Both security detainees and those accused of ordinary crimes confirmed that mistreatment and neglect are rampant in the detention centers where they were held.

Forty people interviewed by Reuters, who were either former detainees or from detainees’ families, described experiencing abuse and sometimes torture, particularly in unofficial detention centers.

Reuters documented the deaths of at least 11 people while in detention, including three cases where families said they only learned of their sons’ deaths after they were buried.

In total, Reuters interviewed more than 140 Syrians for this report, including former detainees, relatives, lawyers, and human rights activists. Reuters also reviewed correspondence between prison guards and detainees’ families, in addition to photos documenting alleged torture.

Reuters was unable to independently verify some details of the accounts from detainees and their families. However, the accounts of those interviewed by Reuters were consistent in their details, including the described mistreatment in detention places.

In its statement, the Syrian government said: “In the post-Assad phase, we need to rehabilitate the legal, judicial, and security institutions,” adding, “And here, as a natural and inevitable result of this difficult reality, some gaps occur leading to negative outcomes that sometimes contravene policies.”

The government said it had imposed disciplinary measures on 84 security force members for extortion incidents related to detainees and 75 members for acts of violence.

Since January, the Syrian Interior Ministry has announced the arrest of more than 100 people on charges related to alleged violations during the Assad era. Reuters’ count does not include these individuals whose names were disclosed and who face specific charges.

The conditions described in the prisons and detention centers do not reach the level of brutality of Assad’s rule. The ousted dictator oversaw the disappearance of over 100,000 Syrians during the civil war. Mass graves created by the regime to hide the bodies of the killed are still being discovered to this day.

According to UN estimates in 2022, over 300,000 Syrian civilians were killed during the war. Hafez al-Assad, Bashar’s father, ruled Syria with an iron fist no less brutal, and both oversaw a regime notorious for widespread torture, extortion, and extrajudicial killings.

However, human rights defenders say the mass arrests and enforced disappearances cast a shadow over Shara’s government, which came to power promising to lead Syria out of more than five decades of Assad family rule. The new leadership is struggling to fulfill those promises, as Reuters has documented in a series of reports this year.

Efforts to rebuild the country extend beyond Syria’s borders. The administration of U.S. President Donald Trump considers Shara an ally in achieving regional stability and efforts to curb the extremist Islamic State group.

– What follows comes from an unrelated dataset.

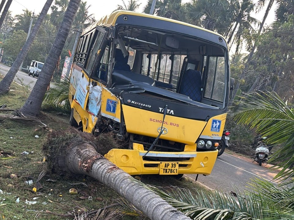 కోనసీమ: సఖినేటిపల్లి మండలం రాంబాగ్ దగ్గర శ్రీ చైతన్య స్కూల్ బస్సు అతి వేగంతో వచ్చి కొబ్బరి చ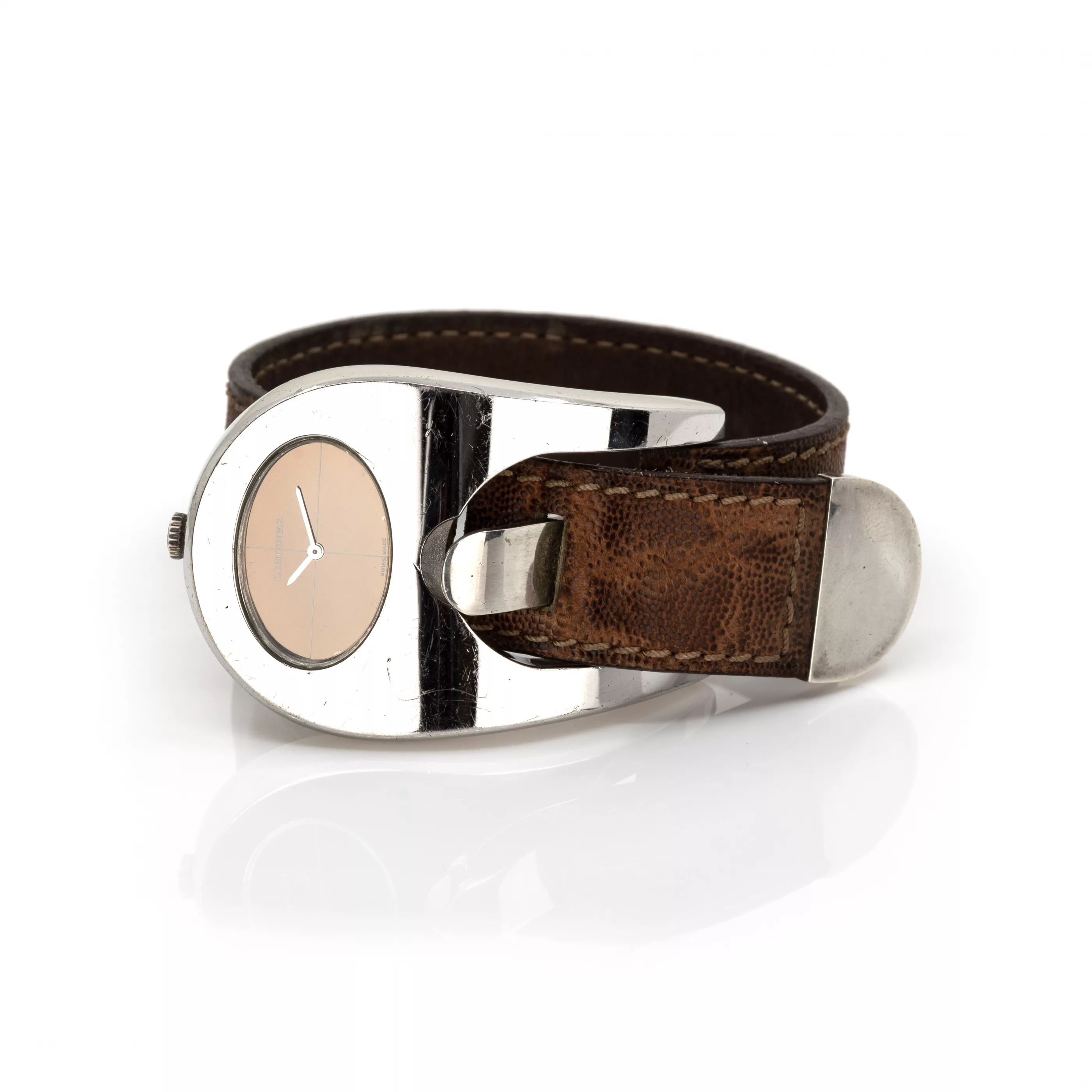 1970s, manual winding, case no. 16.827.452 | Ref. 5019, case 925 silver, hallmarked, diameter case 39 mm, oval mirror dial, divided by four white lines for the quarter hours, original bracelet, leather, original clasp, silver, length 28 cm, total weight approx. 88.3 g, function tested, working, condition good/satisfactory, case with scratch mark, without original box or papers

A senior U.S. administration official, responding to a question about prison conditions in this report, said Trump is “committed to supporting Syria’s stability and unity and for it to live in internal peace and peace with its neighbors.”

The UN High Commissioner for Human Rights stated in a statement on December 5 that it is receiving “horrific accounts of summary executions, arbitrary killing, and abductions” since Assad’s fall.

Seemin Khaythan, a spokesperson for the Commissioner, told Reuters that the office is unable to compile a comprehensive record of security detention cases. He added, “It remains difficult for us to accurately determine the number of individuals detained or the number released, or cases that may be classified as enforced disappearance… And sometimes, families may hesitate to provide information for fear of repercussions.”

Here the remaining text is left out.